======== SUPPLIED INFORMATION

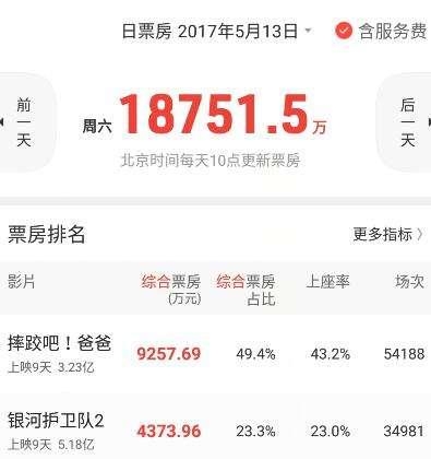 《摔跤吧!爸爸》在5月13日的排片已经增加至5.4万场,在排片大幅增加的同时,上座率已经狂涨至惊人的43%,单日报收9257万,票房占比过半。
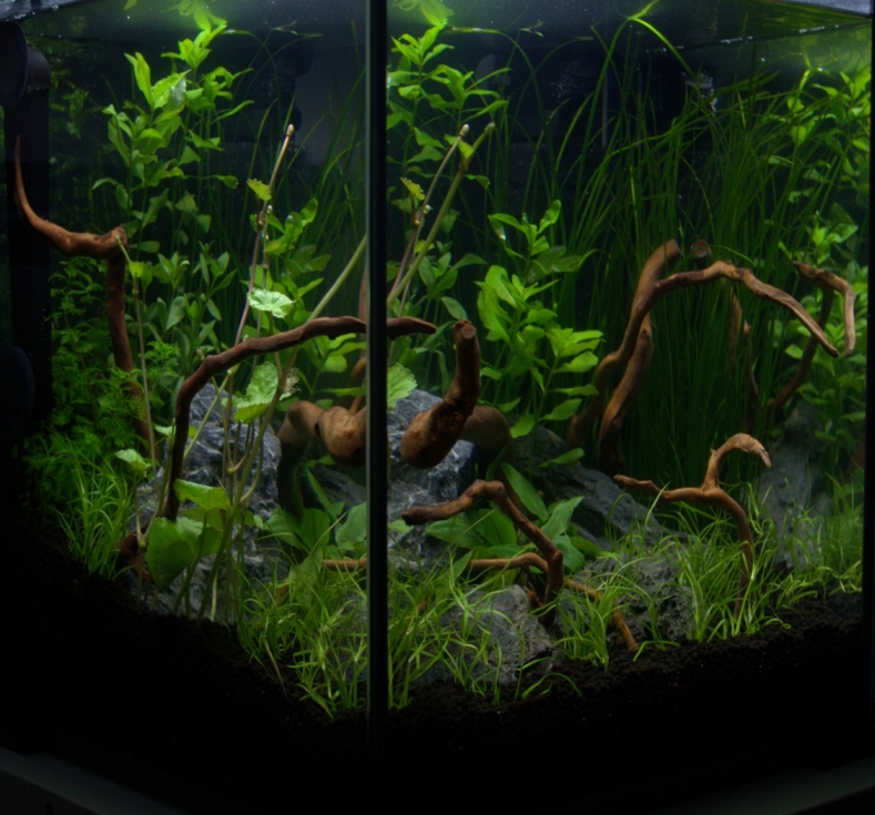 Auf die Oberfläche kommen demnächst noch ein paar Wasserlinsen und ein paar Pflänzchen Froschbiss.
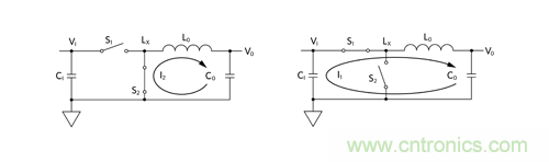 最大程度減小高 di/dt 電流環路:將 LO、CO 和 S2 正確布置在一起,最大程度減小 I2 電流環路。然后,使這一組元件靠近 S1 和 C1,最大程度減小 I1 電流環路。使用 buck 調節器 IC(即集成功率開關 S1 和 S2 的 buck 控制器)時,選擇具有好的引腳排列從而支持這種最小化的 IC 非常重要。相同道理也適用于使用電源模塊的情況。
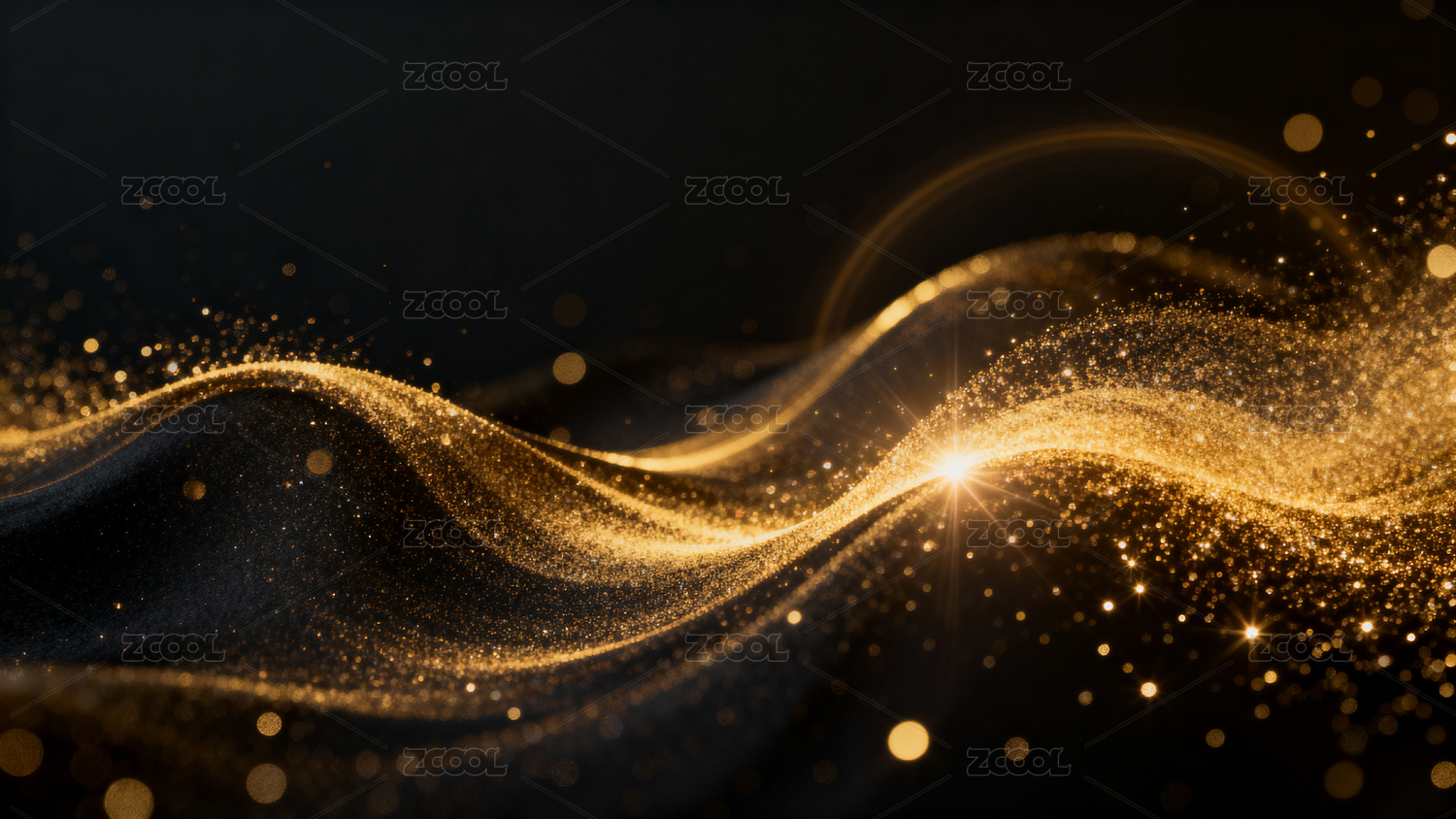 金色,背景,粒子,光束,黑色,光线,光斑,光点,流动,波浪
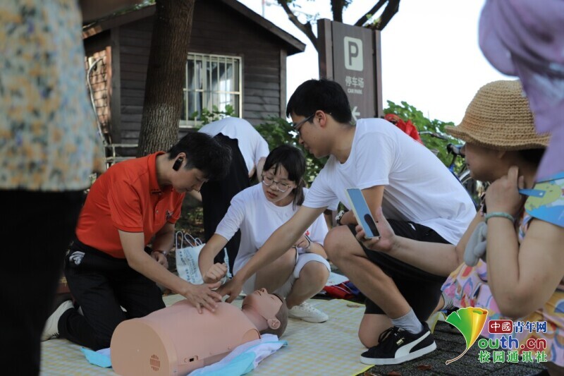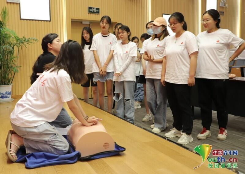 图为极速体育_必威体育$官网app网站附院特邀讲师为团队成员进行初级志愿者技能培训(图为心肺复苏术的培训)。 中国青年网通讯员 李程博 摄
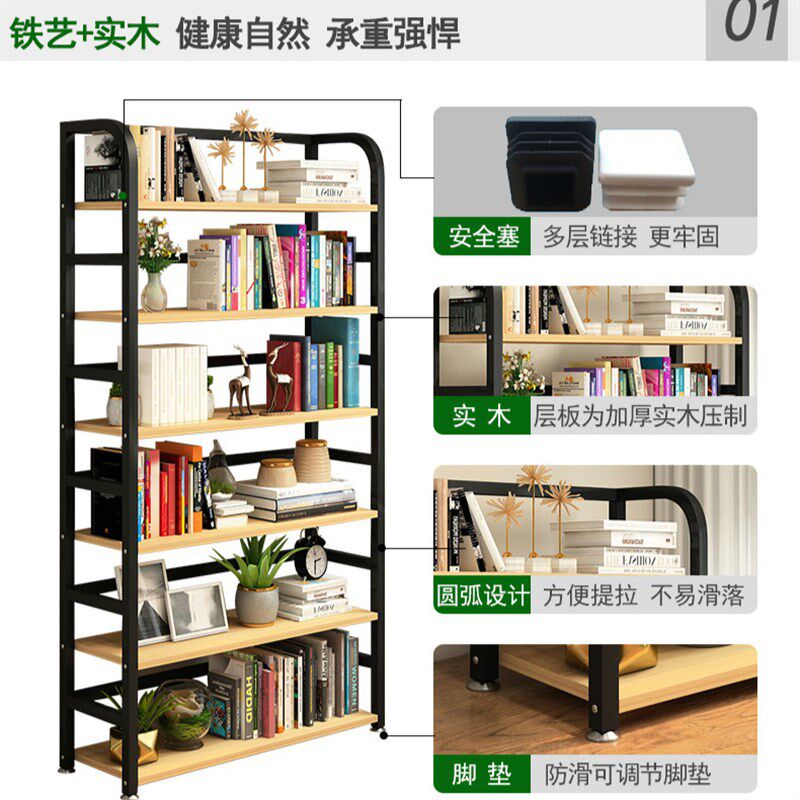 📚 钢制书架置物架落地窄50长70宽90深E25cm卧室靠墙小型收纳钢木书
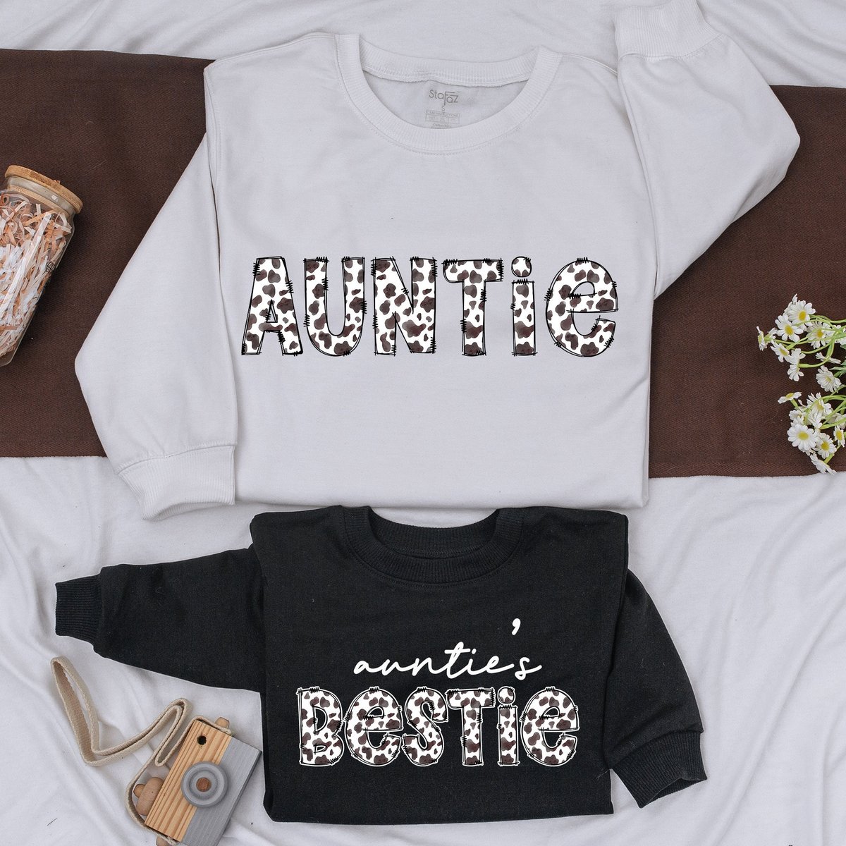Custom Auntie And Aunties Bestie Sweatshirt Aunt Matching Family Shirt Leopard Kid Sweatshirt Fall S 158
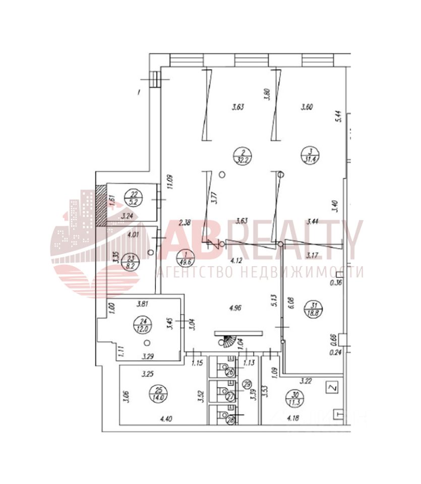 В современном бизнес-центре продается помещение площадью 209,8 кв.м. Класс В+.
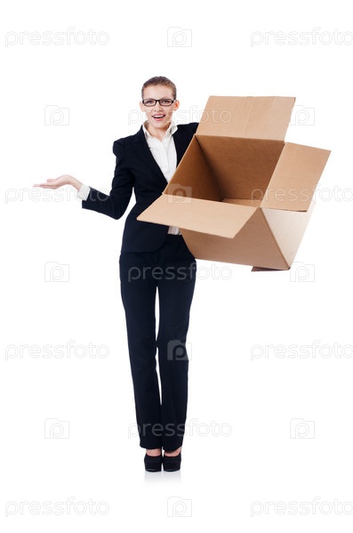 Деловая женщина с коробками на белом фоне
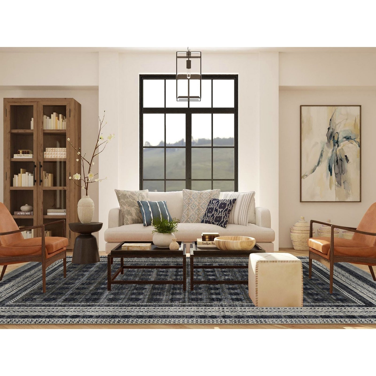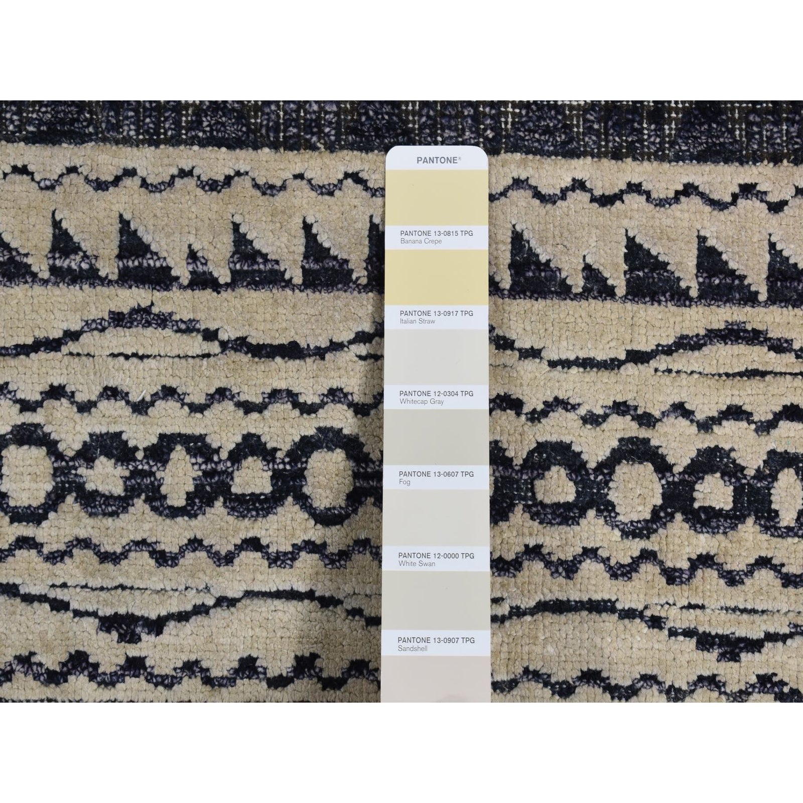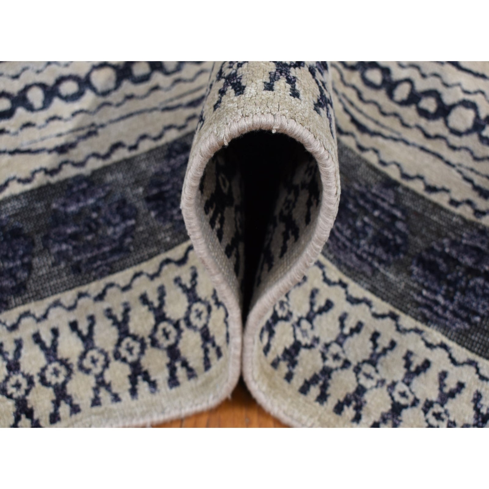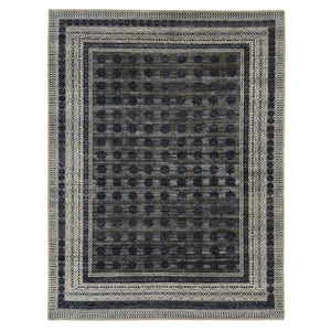 9'X12' Owl Gray Distressed Silk Repetitive Design Hand Knotted Rug
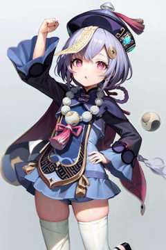 masterpiece, best quality,<lora:qiqi:1>,1girl, qiqi (genshin impact), solo, purple hair, hat, thighhighs, hair ornament, arm up, qing guanmao, white thighhighs, long sleeves, long hair, braid, looking at viewer, purple eyes, full body, bangs, jewelry, beads, bandaged leg, bead necklace, necklace, ofuda, parted lips, wide sleeves, dress, standing, jiangshi, sleeves past wrists, bandages, single braid, black footwear, snowflakes, :o, hand on hip, purple headwear, gradient background, gradient, yin yang, zettai ryouiki, braided ponytail, simple background, coin hair ornament, blue dress, blush, very long hair, shoes, head tilt, cape, sidelocks, hair between eyes, jacket, vision (genshin impact), chinese clothes, cropped jacket, low ponytail
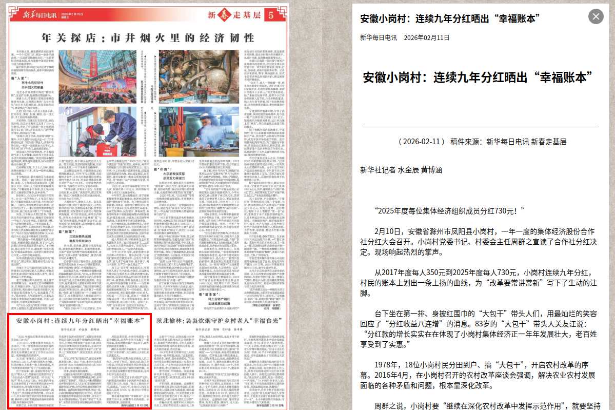【新华每日电讯】小岗村:连续九年分红晒出“幸福账本”
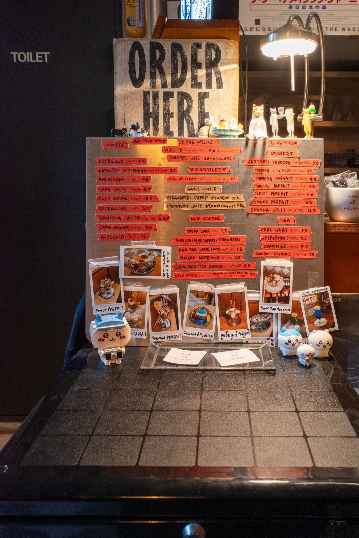 The menu board — a hand-labeled metal panel illuminated by a small desk lamp, surrounded by Polaroid photos of the drinks and desserts — is itself a piece of art. Tiny cat figurines and the café’s character toys are arranged across the counter.
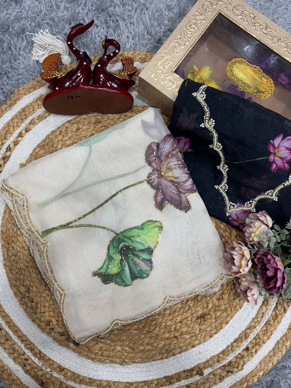Soft Organza Saree with floral print, beads, and katdana handwork. Includes matching printed blouse. Priced at ₹5,399.00.
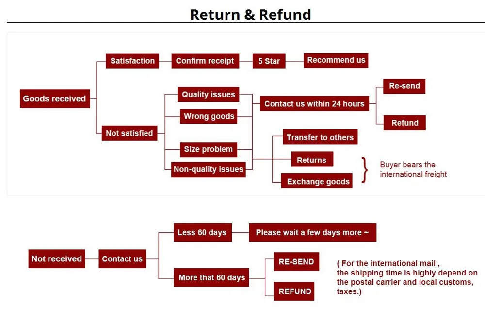 Your satisfaction is our #1 priority. Therefore, you can request a refund or reshipment for ordered products if:
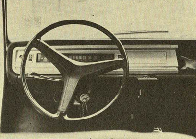 El salpicadero continúa en la línea de los modelos 1000, con un volante de tres radios y un aro muy adaptable a las manos. Los mandos están dispuestos en el volante y en la parrilla, con los señalizadores de luces en la barra de dirección de nuevo diseño y del estilo del modelo 1200 Special.
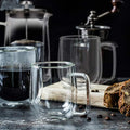 - HUMANITY DESIGN - Thanks to the vacuum between the double wall borosilicate glass that doesn’t conduct heat, the interior coffee will keep hot longer while the exterior wall will stay cool for hand safe touch; Hot drinks will not burn your hands and cold drinks will not form condensation. No burn marks or wet rings will be left on your especially precious leather or wood table. The comfortable, wide opening and thick handle is easy to grasp and especially perfect for the sleepy or shaky hands

================

• TASK
Line for line, restate the data above and omit every picture.

• OUTPUT FOR THIS EXERCISE
 《摔跤吧!爸爸》在5月13日的排片已经增加至5.4万场,在排片大幅增加的同时,上座率已经狂涨至惊人的43%,单日报收9257万,票房占比过半。
 Auf die Oberfläche kommen demnächst noch ein paar Wasserlinsen und ein paar Pflänzchen Froschbiss.
 最大程度減小高 di/dt 電流環路:將 LO、CO 和 S2 正確布置在一起,最大程度減小 I2 電流環路。然后,使這一組元件靠近 S1 和 C1,最大程度減小 I1 電流環路。使用 buck 調節器 IC(即集成功率開關 S1 和 S2 的 buck 控制器)時,選擇具有好的引腳排列從而支持這種最小化的 IC 非常重要。相同道理也適用于使用電源模塊的情況。
 金色,背景,粒子,光束,黑色,光线,光斑,光点,流动,波浪
 图为极速体育_必威体育$官网app网站附院特邀讲师为团队成员进行初级志愿者技能培训(图为心肺复苏术的培训)。 中国青年网通讯员 李程博 摄
 📚 钢制书架置物架落地窄50长70宽90深E25cm卧室靠墙小型收纳钢木书
Custom Auntie And Aunties Bestie Sweatshirt Aunt Matching Family Shirt Leopard Kid Sweatshirt Fall S 158
 В современном бизнес-центре продается помещение площадью 209,8 кв.м. Класс В+.
 Деловая женщина с коробками на белом фоне
 9'X12' Owl Gray Distressed Silk Repetitive Design Hand Knotted Rug
 masterpiece, best quality,<lora:qiqi:1>,1girl, qiqi (genshin impact), solo, purple hair, hat, thighhighs, hair ornament, arm up, qing guanmao, white thighhighs, long sleeves, long hair, braid, looking at viewer, purple eyes, full body, bangs, jewelry, beads, bandaged leg, bead necklace, necklace, ofuda, parted lips, wide sleeves, dress, standing, jiangshi, sleeves past wrists, bandages, single braid, black footwear, snowflakes, :o, hand on hip, purple headwear, gradient background, gradient, yin yang, zettai ryouiki, braided ponytail, simple background, coin hair ornament, blue dress, blush, very long hair, shoes, head tilt, cape, sidelocks, hair between eyes, jacket, vision (genshin impact), chinese clothes, cropped jacket, low ponytail
【新华每日电讯】小岗村:连续九年分红晒出“幸福账本”
 The menu board — a hand-labeled metal panel illuminated by a small desk lamp, surrounded by Polaroid photos of the drinks and desserts — is itself a piece of art. Tiny cat figurines and the café’s character toys are arranged across the counter.
Soft Organza Saree with floral print, beads, and katdana handwork. Includes matching printed blouse. Priced at ₹5,399.00.
 Your satisfaction is our #1 priority. Therefore, you can request a refund or reshipment for ordered products if:
 El salpicadero continúa en la línea de los modelos 1000, con un volante de tres radios y un aro muy adaptable a las manos. Los mandos están dispuestos en el volante y en la parrilla, con los señalizadores de luces en la barra de dirección de nuevo diseño y del estilo del modelo 1200 Special.
 - HUMANITY DESIGN - Thanks to the vacuum between the double wall borosilicate glass that doesn’t conduct heat, the interior coffee will keep hot longer while the exterior wall will stay cool for hand safe touch; Hot drinks will not burn your hands and cold drinks will not form condensation. No burn marks or wet rings will be left on your especially precious leather or wood table. The comfortable, wide opening and thick handle is easy to grasp and especially perfect for the sleepy or shaky hands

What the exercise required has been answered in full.